*Given information*.
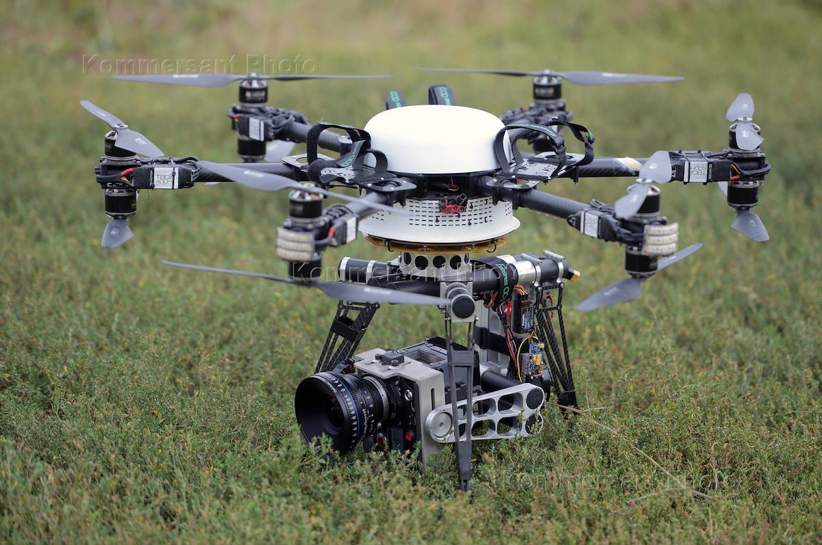 Тестовый взлет беспилотного аппарата, осуществляющего профессиональную аэросъемку, видеосъемку кино…
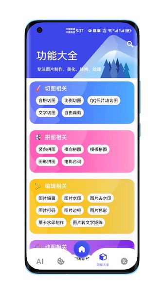 图师傅app是一款手机图片处理软件,更像是一个图像工具箱,在软件中为用户提供了非常多的图片后期功能,包括切图、拼图、裁剪、转换等等功能,你可以在软件中找到自己需要的功能直接使用,让你的图片可以轻松进行处理,做出符合自己需求的图片。
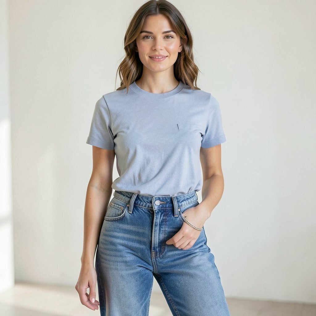 Slim jeans give a clean base that feels neat and easy. A boxy tee adds a modern shape and a cool, relaxed mood.
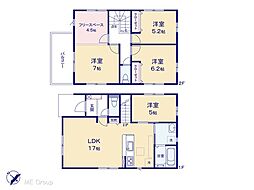 | 間取り | 4LDK 間取り内訳:洋室 11.5帖(2階)・洋室 6.2帖(2階)・洋室 5.2帖(2階)・洋室 5帖(1階)・リビングダイニングキッチン 17帖(1階) |
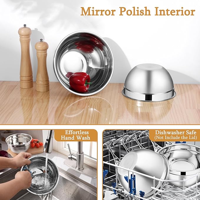 • Dishwasher Safe for Easy Cleaning: with its mirrored polished interior, these stainless steel mixing bowls can be easily cleaned by hand, and are also safe for dishwasher-safe, but it is better to hand wash the lids to prevent deformation caused by high temperature
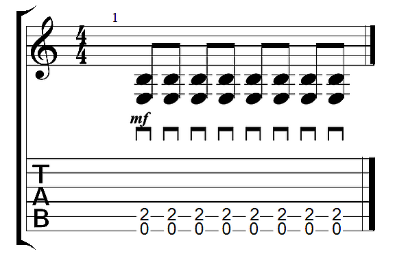 В нотации даунстрок обозначается символом удара медиатором вниз.
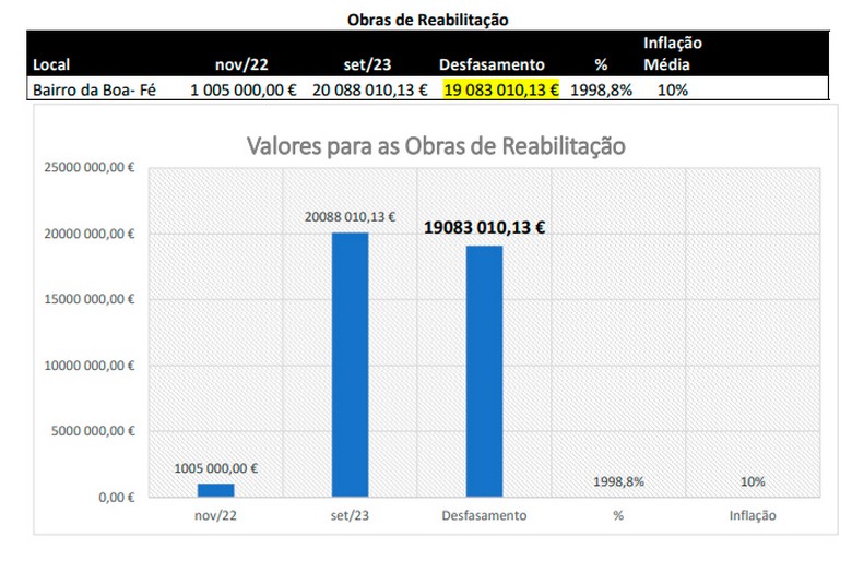 - Discrepância relativamente ao investimento nas obras de reabilitação, para as soluções habitacionais, verificada entre os valores apresentados em 2022, no aditamento de novembro de 2022 e na posterior alteração, em 2023.
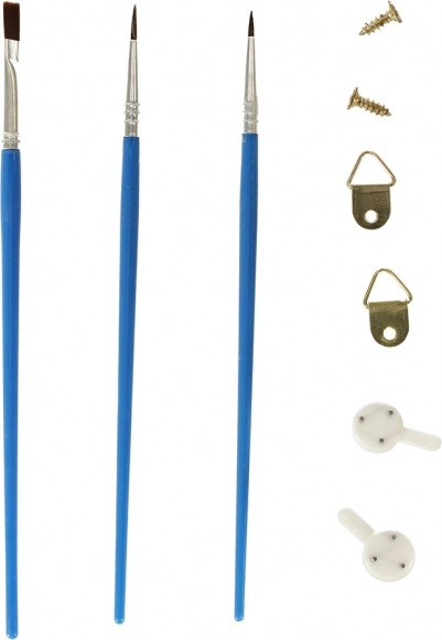 - Komplettes Set: Enthält eine Leinwand mit Rahmen, drei Pinsel in verschiedenen Größen, Farben, einen Aufhängehaken mit Schrauben und eine Vorschau des Bildes.

*About this exercise*. Each entry shown above must be quoted exactly, with its pictures left out.

*Solution below*.
 Тестовый взлет беспилотного аппарата, осуществляющего профессиональную аэросъемку, видеосъемку кино…
 图师傅app是一款手机图片处理软件,更像是一个图像工具箱,在软件中为用户提供了非常多的图片后期功能,包括切图、拼图、裁剪、转换等等功能,你可以在软件中找到自己需要的功能直接使用,让你的图片可以轻松进行处理,做出符合自己需求的图片。
 Slim jeans give a clean base that feels neat and easy. A boxy tee adds a modern shape and a cool, relaxed mood.
 | 間取り | 4LDK 間取り内訳:洋室 11.5帖(2階)・洋室 6.2帖(2階)・洋室 5.2帖(2階)・洋室 5帖(1階)・リビングダイニングキッチン 17帖(1階) |
 • Dishwasher Safe for Easy Cleaning: with its mirrored polished interior, these stainless steel mixing bowls can be easily cleaned by hand, and are also safe for dishwasher-safe, but it is better to hand wash the lids to prevent deformation caused by high temperature
 В нотации даунстрок обозначается символом удара медиатором вниз.
 - Discrepância relativamente ao investimento nas obras de reabilitação, para as soluções habitacionais, verificada entre os valores apresentados em 2022, no aditamento de novembro de 2022 e na posterior alteração, em 2023.
 - Komplettes Set: Enthält eine Leinwand mit Rahmen, drei Pinsel in verschiedenen Größen, Farben, einen Aufhängehaken mit Schrauben und eine Vorschau des Bildes.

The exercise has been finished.